David Barnett's Brand Protection Articles: The threat of the hacker

In mid-March 2017, four individuals, including two Russian spies, were indicted by the US Department of Justice over the theft of an enormous number of Yahoo! e-mail user account details^[1]. The acquisition of this information – corresponding to around 500 million accounts – had been achieved in 2014 using a targeted 'spear phishing' e-mail attack against a key Yahoo! employee^[2,3,4]. The attack followed an even larger one against the same company a year earlier, in which around a billion accounts were compromised, and forms the latest in a line of news stories involving companies revealing compromises of user data, with other recent reports relating to FriendFinder (412 million affected accounts), Myspace (359 million accounts) and LinkedIn (164 million accounts)^[5], in addition to other high-profile cases involving Ashley Madison^[6] and J.P. Morgan^[7].

The threat presented by hackers is nothing new, and there are a number of other potential avenues open to third parties determined to gain access to sensitive corporate systems or information. These methods might include: (i) exploitations of known vulnerabilities in software systems used by the organisation in question; (ii) distribution of malicious software ('malware'), which can be used to record the keypresses of corporate employees (e.g. to collect password information) or create 'backdoors' into company systems; or (iii) direct communication with employees (e.g. in the guise of a helpdesk operator) with a view to convincing them to hand over sensitive information such as log-in credentials (so-called 'social engineering').

Stolen e-mail addresses – particularly if present in combination with other security credentials such as passwords – are an extremely valuable commodity which can be traded online in their own right, within forums, private groups, or dedicated websites on the open- or Dark Web. From a criminal's point of view, e-mail addresses can be used for a range of purposes, from identity theft through to the distribution of spam e-mails (e.g. for the purposes of advertising websites or distributing undesirable or malicious software). Following the Yahoo! story, reports emerged that data relating to one billion of the company’s e-mail customer accounts remained for sale on hacker forums, with the criminals offering the full dataset at a price of $200,000^[8].
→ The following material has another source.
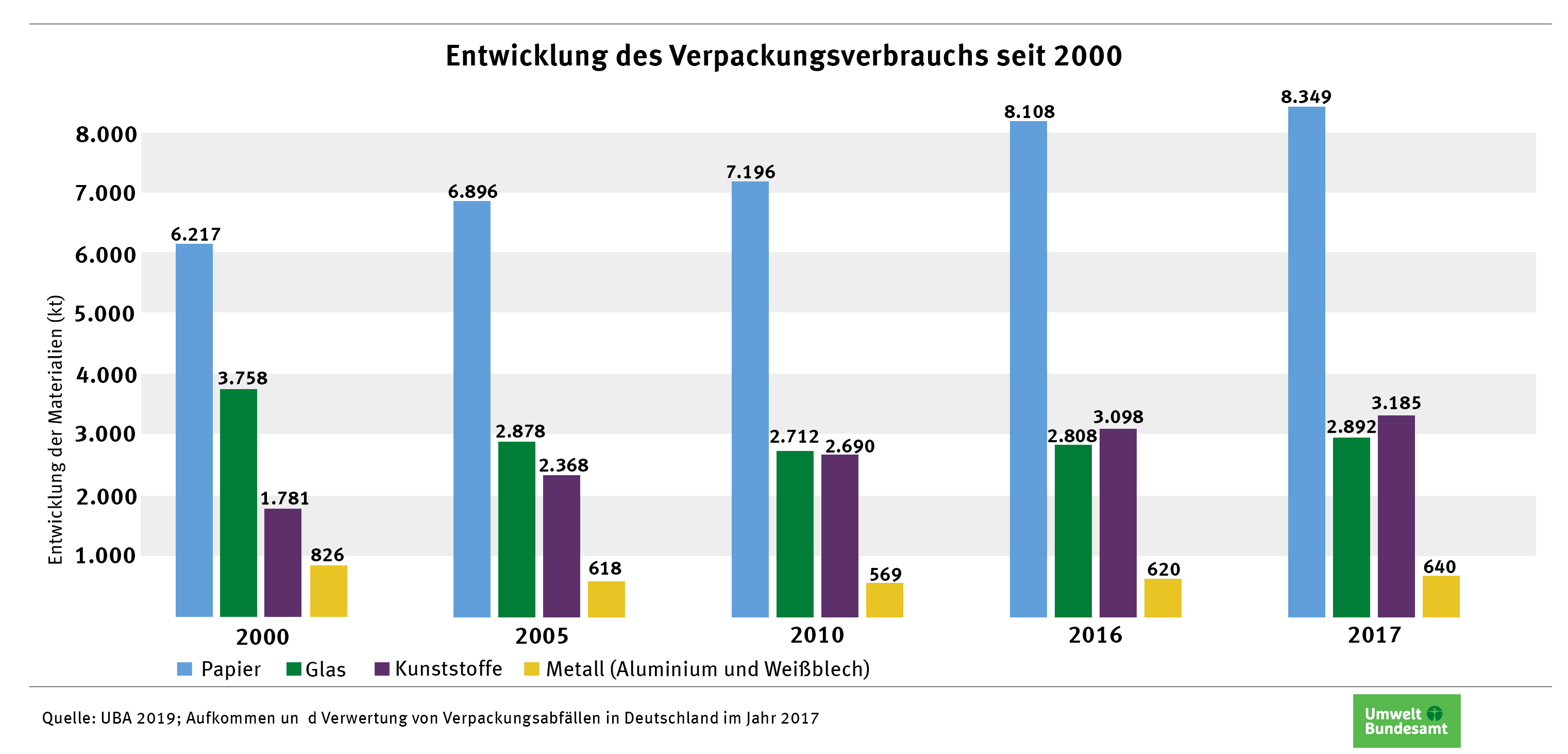 Verpackungsverbrauch im Jahr 2017 weiter gestiegen

Mediation of the risk of such attacks generally requires a multi-faceted approach by corporations. Of crucial importance is the implementation of a comprehensive digital security programme, comprising the use of a suite of suitable anti-virus and firewall products, ensuring that software and operating systems are kept regularly updated, and carrying out regular checks of computer systems for vulnerabilities. Additionally, part of the solution should always be an initiative to educate employees on ways to avoid being targeted, such as careful checking of the validity of incoming e-mails and other communications and avoidance of opening attachments in unsolicited mails. The probability of being targeted in a social-engineering attack can also be reduced by encouraging employees to avoid using their company e-mail addresses when posting online, and from identifying themselves as being associated with the company in all but official communications.
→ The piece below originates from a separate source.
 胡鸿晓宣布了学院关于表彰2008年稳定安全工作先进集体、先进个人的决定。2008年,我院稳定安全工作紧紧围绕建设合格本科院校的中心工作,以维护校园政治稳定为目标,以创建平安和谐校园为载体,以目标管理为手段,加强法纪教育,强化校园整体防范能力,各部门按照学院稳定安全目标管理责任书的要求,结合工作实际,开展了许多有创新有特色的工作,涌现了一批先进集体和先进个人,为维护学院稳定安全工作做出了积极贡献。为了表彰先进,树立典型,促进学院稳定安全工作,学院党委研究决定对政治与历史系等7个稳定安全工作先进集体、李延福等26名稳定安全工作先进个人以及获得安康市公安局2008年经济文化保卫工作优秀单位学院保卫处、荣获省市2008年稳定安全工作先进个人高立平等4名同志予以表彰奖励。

The Yahoo! attack is just one example of a case in which a fraudulent targeted e-mail was sent to a known employee; the use of e-mails to employees which purport to originate from key company executives is a rapidly-growing method for perpetrating fraud. A recent estimate by the FBI stated that these scams have cost organisations more than $2.3 billion in losses over the past three years, with numerous reports of multi-million dollar losses by individual companies ($3 million from Mattel, $17 million from The Scoular Co., and over $46 million from Ubiquiti, all in 2015)^[9]. Frequently, the e-mails used in this kind of scam may include instructions for employees to carry out money transfers (e.g. as in a series of cases in Seattle in December 2013, where companies were led to believe that they were sending money to supply partners in China, whereas actually the beneficiary accounts were owned by fraudsters^[10]). In many cases, this type of fraud is achieved via the registration of domain names which appear similar to that used for the company's official website and/or e-mail host domain, and using the e-mail functionality of these fake domains to construct convincing 'from' addresses for the targeted e-mails^[11,12]. A proactive programme for monitoring new domain registrations, as offered by a number of brand-protection service providers, can be one way of gaining an early warning against such risks.

In addition to the preventative measures described above, it can also be extremely beneficial to carry out Internet monitoring for the appearance of stolen credentials being posted online or offered for sale, so that actions to limit the damage can be taken in as short a timeframe as possible.